Alternative approaches to qualitative methodologies take a stance against the very notion of methodology. Qualitative methodologies are underpinned by Western science. The set criteria, development of frameworks, instruments and models, all mimic the expertise of hardened knowledge. St. Pierre (2018) argues that there is an incommensurability between epistemologies and ontologies when deploying qualitative methodologies and post-structuralist theory. Southey (2020) developed “non-method” to refuse the standard qualitative thematic treatment of participant whakaaro (Māori thought) by reinterpreting utterances in interviews. St. Pierre et al. (2016) also negate qualitative methodologies, arguing for questions of being to be foregrounded. These ideas encourage a metaphysical inquiry to address the problem of fragmentation.
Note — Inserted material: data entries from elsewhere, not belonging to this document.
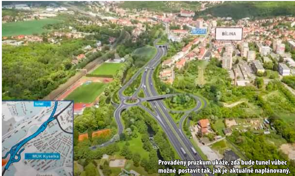
Prováděný průzkum ukáže, zda bude tunel vůbec možné postavit tak, jak je aktuálně naplánovaný.

Tunel, který má vyřešit kritickou situaci na silnici I/13, schválilo ministerstvo dopravy v roce 2021. Průjezd po hlavním
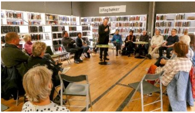
Fra fjorårets møte på Larvik bibliotek

33. søndag i det alminnelige kirkeår 2024 – 17. november - uke 47 – år B - 2024
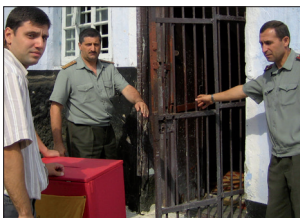
Eine Wahlurne in einem Gefängnis in Chisinau (Moldau). Die Achtung der Bürgerrechte, selbst in Gefängnissen, ist ein Zeichen für die Qualität der kommunalen Demokratie in einem Staat.

Ergebnisse dieser Monitoring-Aktivitäten und Empfehlungen des Kongresses zahlreiche Gesetzesreformen eingeleitet.
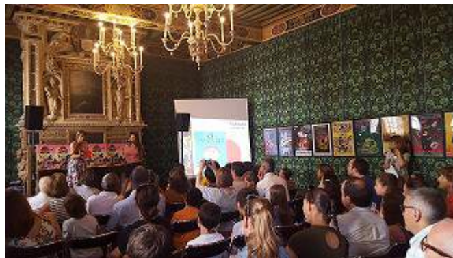
Remise du Prix Sorcières - 2017 // Hôtel de Vogüe
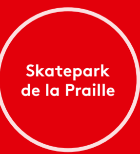
Skatepark de la Praille
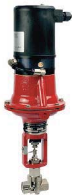
8048 digital (Schubert & Salzer)
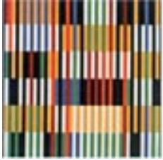
Richard Paul Lohse
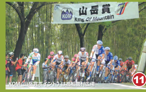
11 KOM(山岳賞ポイント)は高船バス停付近
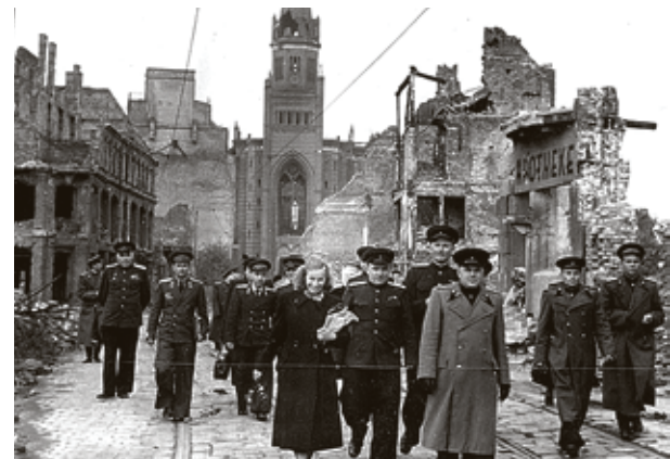
■ Так выглядел центр бывшего Кёнигсберга в 1949 году. На снимке группа экскурсантов в погонах осматривает город в районе нынешней гостиницы «Калининград»

Сталин ответил уже на другой день: «Я благодарен Президенту Трумэну за приглашение в Вашингтон. Приезд в Вашингтон является давнишним моим желанием, о чем я в свое время говорил Президенту Рузвельту
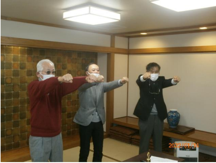
30年マイルストーン・シェブロンアワードL高野。L高野から30年同志L浅水も・・・とお声掛け。
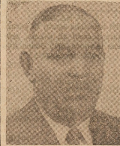
V BLAG SPOMIN

ČETIRTE OBLETNICE ODKAR NAS JE ZAPUSTIL NAS LJUBLJENI STRIC IN BRAT
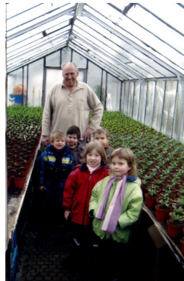
„Das Gärtnern hat uns viel Spaß gemacht!“
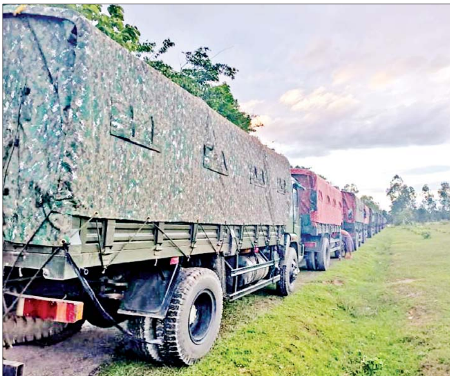
ရခိုင်ပြည်နယ်အတွင်းရှိ မိုခါမုန်တိုင်းဒဏ်သင့် တောင်သူလယ်သမားများ မိုးစပါးအချိန်မီစိုက်ပျိုး နိုင်ရန်အတွက် မျိုးစပါးများကို တပ်မတော်မော်တော်ယာဉ်များဖြင့် ပို့ဆောင်ပေးရန် ဆောင်ရွက်စဉ်။

မေလ ၁၄ ရက်နေ့က ဝင်ရောက် တိုက်ခတ်ခဲ့သော “မိုခါ” မုန်တိုင်းကြောင့် စစ်တွေမြို့ သို့လှောင်ရုံတွင် သိုလှောင် ထားသည့် စပါးမျိုးကောင်းမျိုးသန့် ၂၆၆၅၅ တင်းသည် သိုလှောင်ရုံပြုကျမှု နှင့်အတူ ပျက်စီးဆုံးရှုံးခဲ့ရသည်။ အလား တူ မုန်တိုင်းဒဏ်ကို အများဆုံးခံခဲ့ကြရ သည့် ရခိုင်ပြည်နယ်၁၀ မြို့နယ်အတွင်းရှိ တောင်သူများ၏ မျိုးစပါးများသည်လည်း နေအိမ်များ အမိုးလန်ပျက်စီးမှုနှင့်အတူ ထိခိုက်ဆုံးရှုံးမှုများ ဖြစ်ပေါ်ခဲ့ရသည်။ သို့ဖြစ်၍ စိုက်ပျိုးရေး၊ မွေးမြူရေးနှင့် ဆည်မြောင်းဝန်ကြီးဌာနအနေဖြင့် ရခိုင် ပြည်နယ်အတွင်း ခရိုင်၊ မြို့နယ်များ အလိုက် မျိုးစပါးလိုအပ်မှုအခြေအနေကို ရယူခဲ့ရာ စစ်တွေခရိုင် စစ်တွေမြို့နယ် ကျေးရွာအုပ်စု ၁၂ ခုရှိ တောင်သူ ၇၄၇ ဦးအတွက် မျိုးစပါး တင်း ၂၅၀၀၊ ရသေ့ တောင်မြို့နယ် ကျေးရွာအုပ်စု ၈၅ ခုရှိ တောင်သူ ၆၃၆၃ ဦးအတွက် မျိုးစပါး ၅၄၀၃၃ တင်း၊ ပုဏ္ဏားကျွန်းမြို့နယ် ကျေးရွာအုပ်စု ၃၅ ခုရှိ တောင်သူ ၁၆၄၀ အတွက် မျိုးစပါး ၈၇၄၂ တင်း၊ ပေါက်တောမြို့နယ် ကျေးရွာအုပ်စု ၂၀ ရှိ တောင်သူ ၆၀၇ ဦးအတွက် မျိုးစပါး တင်း ၄၅၀၀၊ မြောက်ဦးခရိုင် မြောက်ဦး မြို့နယ် ကျေးရွာအုပ်စု ၂၂ ခုရှိ တောင်သူ ၃၃၃ ဦးအတွက် မျိုးစပါး ၂၄၀၂ တင်း၊ ကျောက်တော်မြို့နယ် ကျေးရွာအုပ်စု ငါးခုရှိ တောင်သူ ၉၃ ဦးအတွက် မျိုးစပါး တင်း ၄၀၀၊ မောင်တောခရိုင် မောင်တော မြို့နယ်ကျေးရွာအုပ်စု ငါးခုရှိ တောင်သူ ၇၃ ဦးအတွက် မျိုးစပါး တင်း ၄၀၀၊ မောင်တောခရိုင် မောင်တော မြို့နယ်ကျေးရွာအုပ်စု ငါးခုရှိ တောင်သူ ၇၃ ဦးအတွက် မျိုးစပါး တင်း ၄၀၀၊ ဖျာပုံဒေသထွက် ကျားပျံမျိုးစပါး တင်း ၄၀၀၀၊ ရန်ကုန် တိုင်းဒေသကြီး တွဲတေးဒေသထွက်

It is worth remembering that qualitative methodologies were, in their early development, new and treated cautiously by the established methodologies of the time (St. Pierre, 2021b, 2024). Over time it formalised as a methodology and thus brought about a set of conventions to approach a problem. In cementing methodology, the problem–solution pathway becomes prescribed as convention. The same tension can be found in scholarly disciplines that become canonised by self-serving traditions. To maintain a critical edge in thinking, methodological norms will occasionally need critique. Here, I reiterate the importance of kaupapa Māori, but I also underline the risk in it becoming a convention, and with that, possessing Western thought’s desire to know.
Mātauranga Māori and Western Science
Turning to the example of mātauranga (Māori knowledge) and its relationship with Western science, I argue that the desire to know exerts itself in methodology. Briefly, mātauranga Māori refers to Māori knowledge that is both “traditional” and contemporary (Mead, 2003; Royal, 2012). Consequently, mātauranga has a range of interpretations in research methodologies; it can appear in interviews as contemporary information (Palmer et al., 2021) or as oral histories in whakataukī (Māori proverbs) (Mercier et al., 2022). The example of mātauranga surfaces the methodological discomfort Indigenous researchers can sometimes face when forced into the conventions of Western thought.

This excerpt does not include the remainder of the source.